Requirement:
Pictures stay out; please output the remaining data exactly.
[[ Dataset excerpt, beginning ]]
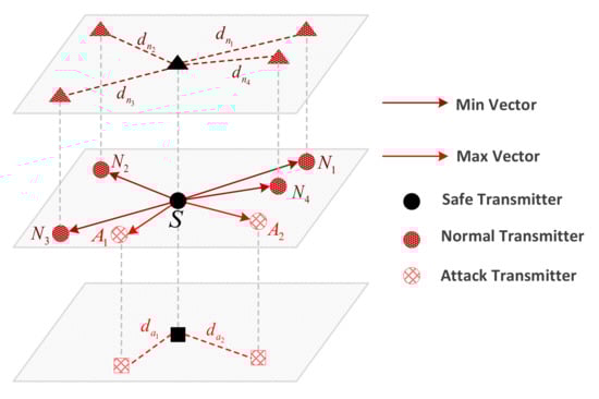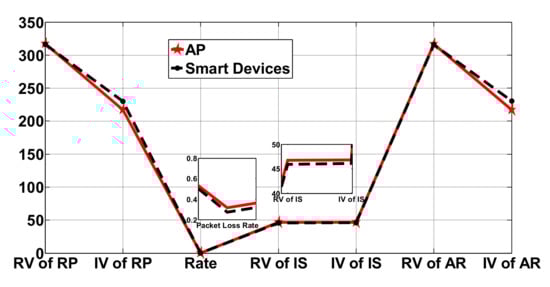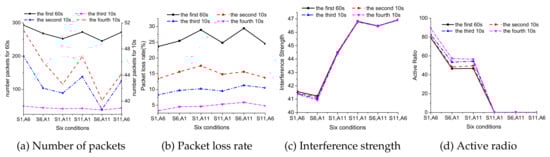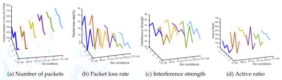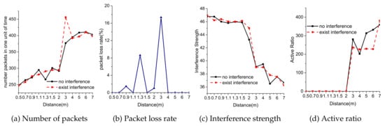 In Figure 10c,d, when the distance is less than 2 m, is high and is relatively low; when the distance is more than 3 m, decreases and increases sharply. Therefore, in order not to interfere with the other normal public APs, the distance between the safe wireless transmitter and the other normal public APs would be better when it is more than 4 m. When the distance is 4 m, the channel switch will not influence the communication of normal public APs. The longer the distance between the safe wireless transmitter and other normal public APs is, the smaller the impact of channel switching will be on the communication of normal public APs.
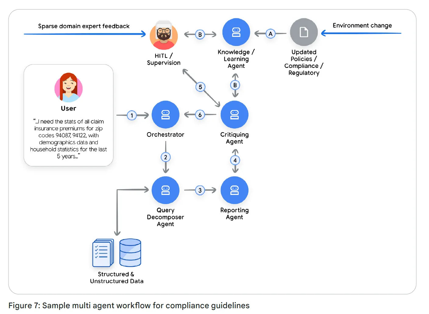 Рассмотрим агента, работающего в строго регулируемой отрасли, например, в финансах. Его задача — генерировать отчёты, соответствующие нормативным требованиям (например, GDPR).
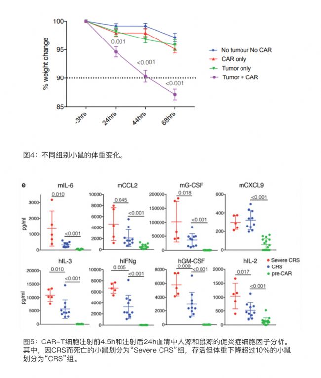 - 荷瘤小鼠回輸CAR-T細(xì)胞后,體重明顯下降(圖4),整體細(xì)胞因子的表達(dá)水平與生存率及CRS的嚴(yán)重程度密切相關(guān)(圖5)。
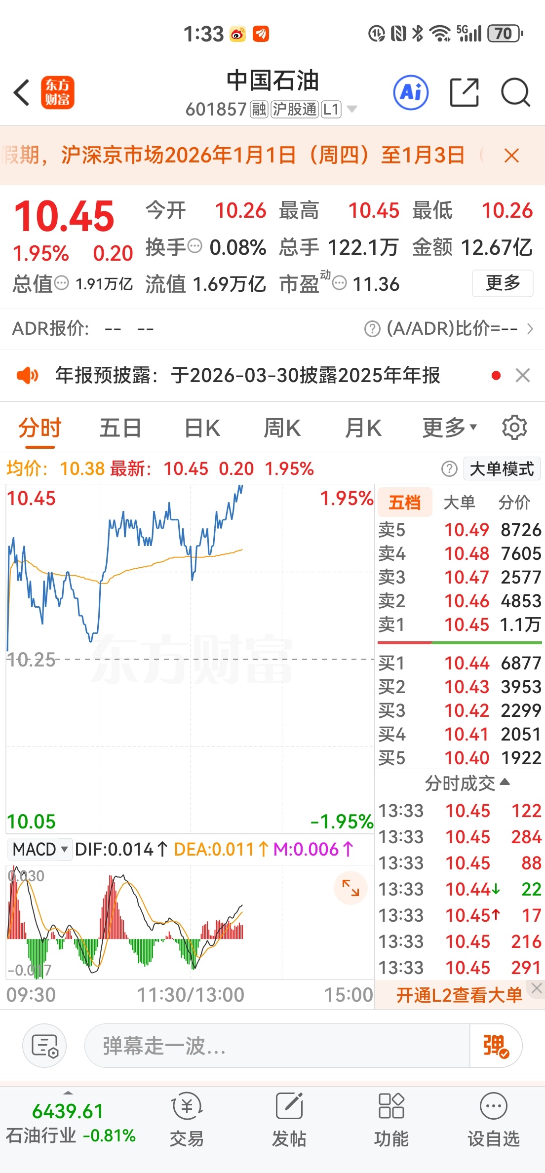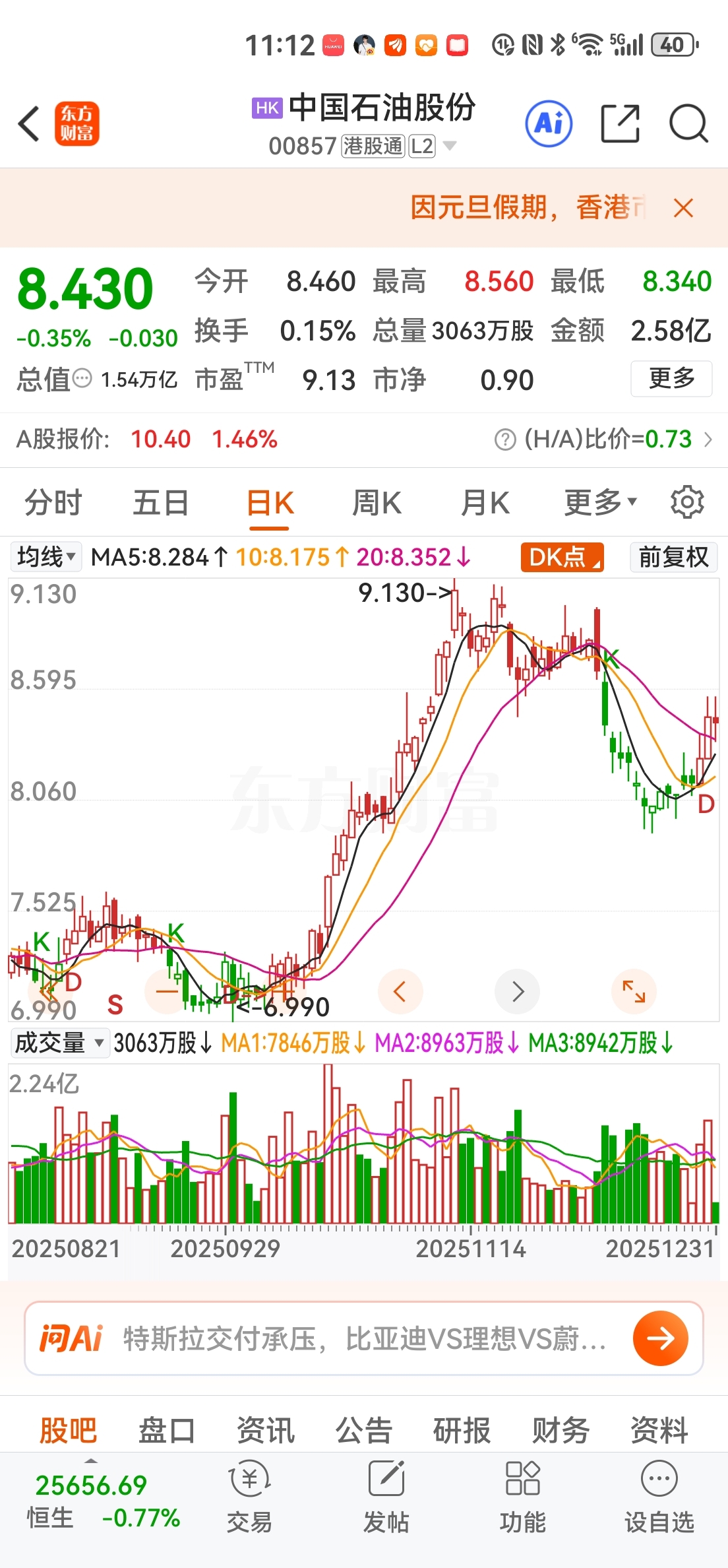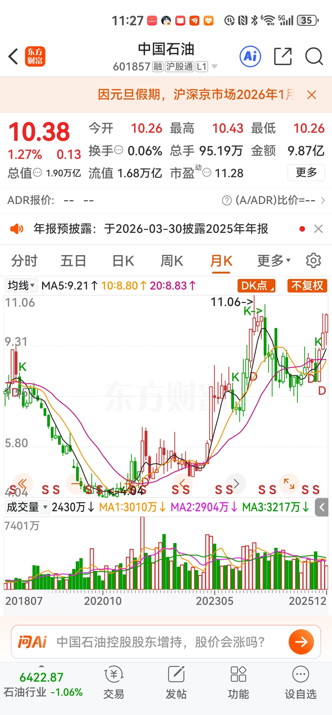 中石油会突破10.44创新高吗?这段时间,A比H强
[[ Dataset excerpt, end ]]
Result of this exercise:
 In Figure 10c,d, when the distance is less than 2 m, is high and is relatively low; when the distance is more than 3 m, decreases and increases sharply. Therefore, in order not to interfere with the other normal public APs, the distance between the safe wireless transmitter and the other normal public APs would be better when it is more than 4 m. When the distance is 4 m, the channel switch will not influence the communication of normal public APs. The longer the distance between the safe wireless transmitter and other normal public APs is, the smaller the impact of channel switching will be on the communication of normal public APs.
 Рассмотрим агента, работающего в строго регулируемой отрасли, например, в финансах. Его задача — генерировать отчёты, соответствующие нормативным требованиям (например, GDPR).
 - 荷瘤小鼠回輸CAR-T細(xì)胞后,體重明顯下降(圖4),整體細(xì)胞因子的表達(dá)水平與生存率及CRS的嚴(yán)重程度密切相關(guān)(圖5)。
 中石油会突破10.44创新高吗?这段时间,A比H强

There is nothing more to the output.